__Task details__. Please copy the data below exactly, from its first line through the line holding "UV Coated Cute", and skip the pictures.

__Given material__.
[Start of Attachment]

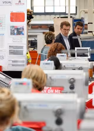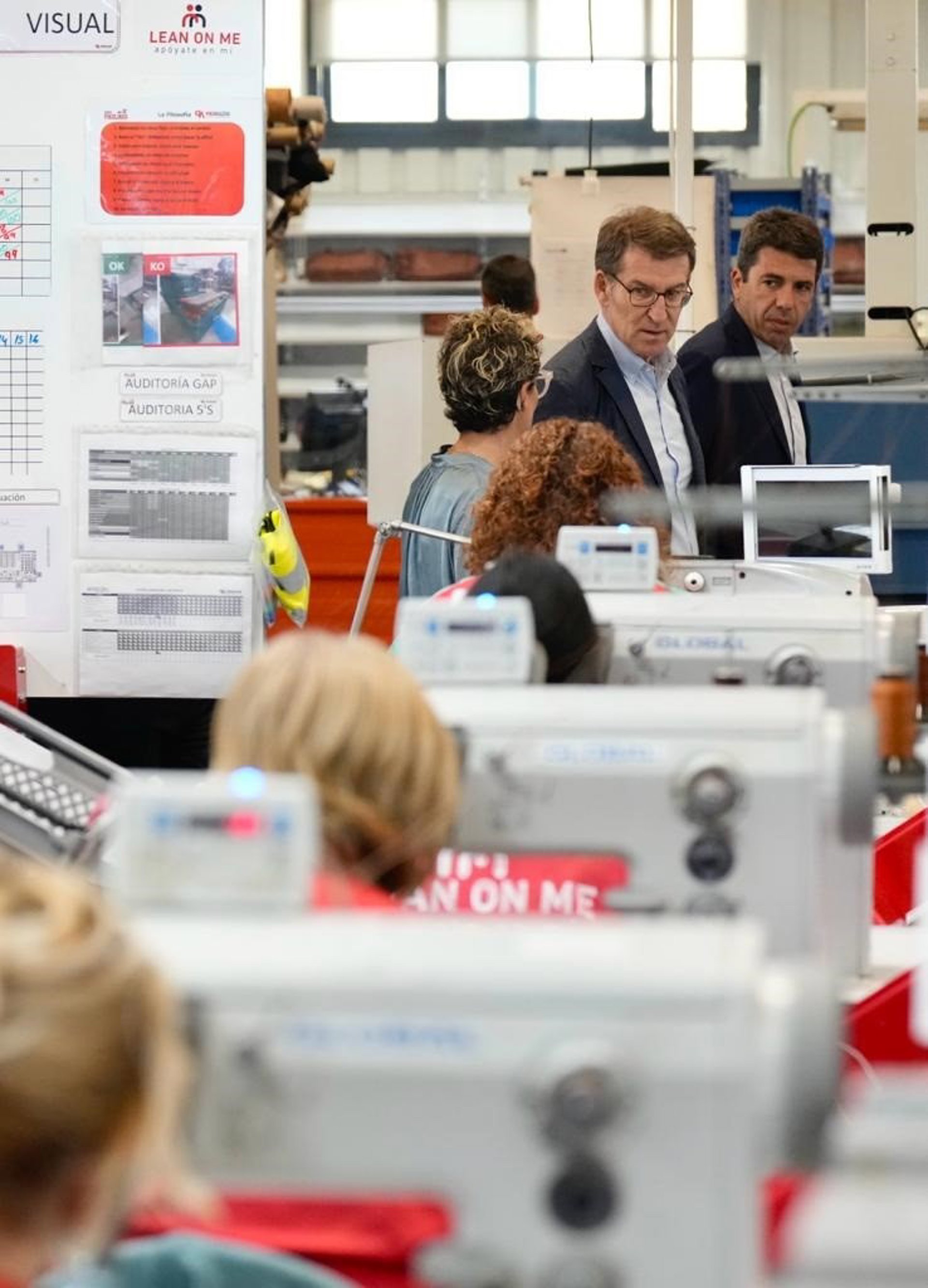 El líder del PP, Alberto Núñez Feijóo, en la visita del centro de producción de Pikolinos-Pikokaizen en Elche. - TAREK (PP)
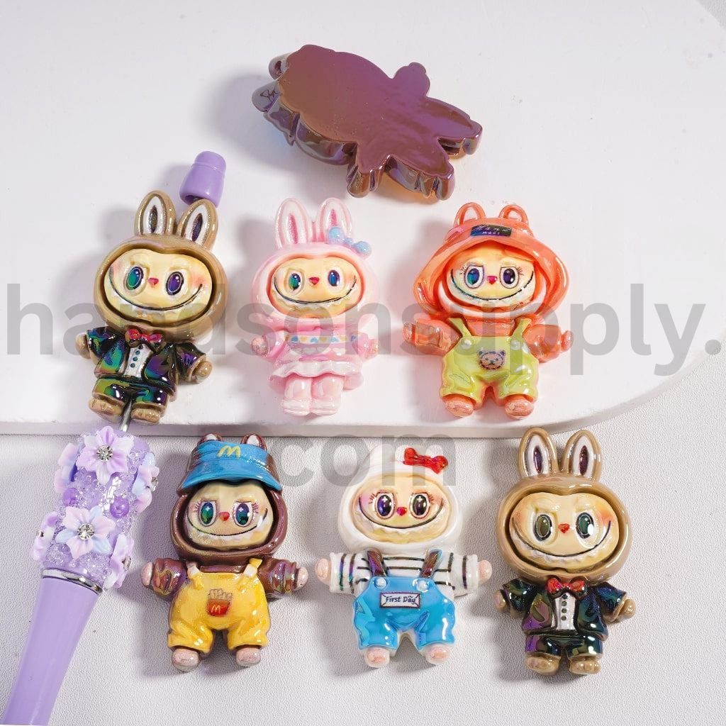 UV Coated Cute LBB Character Figures in Various Costumes Designs Flat Back Acrylic Beads Random Mix
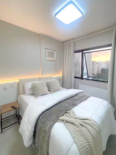 Experience One Eleven in Vila Olimpia. This modern apartment features large windows with breathtaking city views and natural light. The unit boasts 600 Mbps internet and a 4K HD TV. For total comfort, it has a Hot/Cold AC system: 27,000 BTU/h unit in the living room and 10,000 BTU/h in the bedroom. The bedroom is quiet and dark for a restful sleep. Impeccably maintained, you’ll be walking distance to top restaurants and business hubs—a safe, upscale retreat with a stunning urban backdrop.
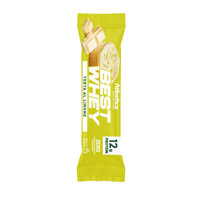 <p>A barra de proteína Best Whey Bar, sabor torta al limone, da Atlhetica Nutrition é elaborada com um blend de whey protein concentrado e isolado, que garantem uma barra com 12g de proteína, macia e saborosa.</p> <h2><strong>Sobre os ingredientes:</strong></h2> <p>Whey protein concentrado (WPC): suplemento alimentar proteico extraído do soro do leite por processo de filtragem. A proteína atua no organismo na manutenção, reparo e aumento da massa muscular.</p> <p>Whey protein isolado (WPI): passa por um processo minucioso de filtragem, eliminando a lactose e a caseína. </p> <h2><strong>Sugestão de consumo:</strong></h2> <p>Pode ser levada à escola, trabalho ou faculdade de forma super prática, para garantir um lanche proteico a qualquer momento do dia.</p> <h2><strong>Motivos para escolher o produto:</strong></h2> <ul> <li> <p>Sem glúten;</p> </li> <li> <p>Feito com whey protein;</p> </li> <li> <p>Zero adição de açúcares;</p> </li> <li> <p>12g de proteína na unidade;</p> </li> <li> <p>Prático para consumo.</p> </li> </ul> <h2><strong>A Marca</strong></h2> <p>A Atlhetica Nutrition é referência no mercado de suplementação, a marca está há mais de 20 anos fabricando suplementos alimentares com foco em sabor, saúde, força e energia para todos os tipos de treinos. A Atlhetica conquistou reconhecimento com produtos excelentes e inovadores, fabricados de acordo com as normas, proporcionando a qualidade e a eficácia que os consumidores tanto desejam.</p> <p> </p>

[End of Attachment]

__Exercise solution__.
 El líder del PP, Alberto Núñez Feijóo, en la visita del centro de producción de Pikolinos-Pikokaizen en Elche. - TAREK (PP)
 UV Coated Cute LBB Character Figures in Various Costumes Designs Flat Back Acrylic Beads Random Mix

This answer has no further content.